2. Computing resources (AV, data show, Smart Board, software, etc.) In each class room and laboratories, there is a data show, and board.

3. Other resources (specify, e.g. if specific laboratory equipment is required, list requirements or attach list)

Each Class room and laboratories require a TV screen at least 65 inch-and smart, and double layer white board.

G Course Evaluation and Improvement Processes

1 Strategies for Obtaining Student Feedback on Effectiveness of Teaching

• Course reports

• Course evaluation.

2 Other Strategies for Evaluation of Teaching by the Instructor or by the Department

• Revision of student answer paper by another staff member.

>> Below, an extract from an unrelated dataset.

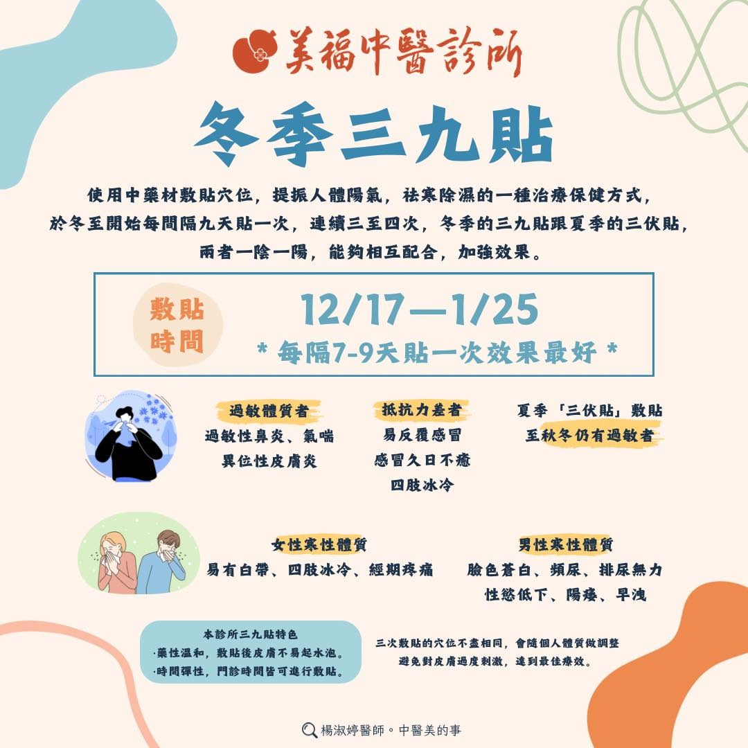 美福中醫診所推出冬季三九貼療法,透過中藥材敷貼穴位,提升陽氣,改善體質。

• Analysis the grades of students.

3 Processes for Improvement of Teaching

• Preparing the course as PPT.

• Using scientific flash and movies.

• Periodical revision of course content.

4. Processes for Verifying Standards of Student Achievement (e.g. check marking by an independent member teaching staff of a sample of student work, periodic exchange and remarking of tests or a sample of assignments with staff at another institution)

• The instructors of the course are checking together and put a unique process of evaluation.

• Check marking of a sample of papers by others in the department.

• Feedback evaluation of teaching from independent organization.

• Independent evaluation by another instructor that give the same course in another faculty.

• Evaluation by the accreditation committee in the university.

5 Describe the planning arrangements for periodically reviewing course effectiveness and planning for improvement.

1- The following points may help to get the course effectiveness

• Student evaluation

• Course report

• Program report

• Program Self study

2- According to point 1 the plan of improvement should be given.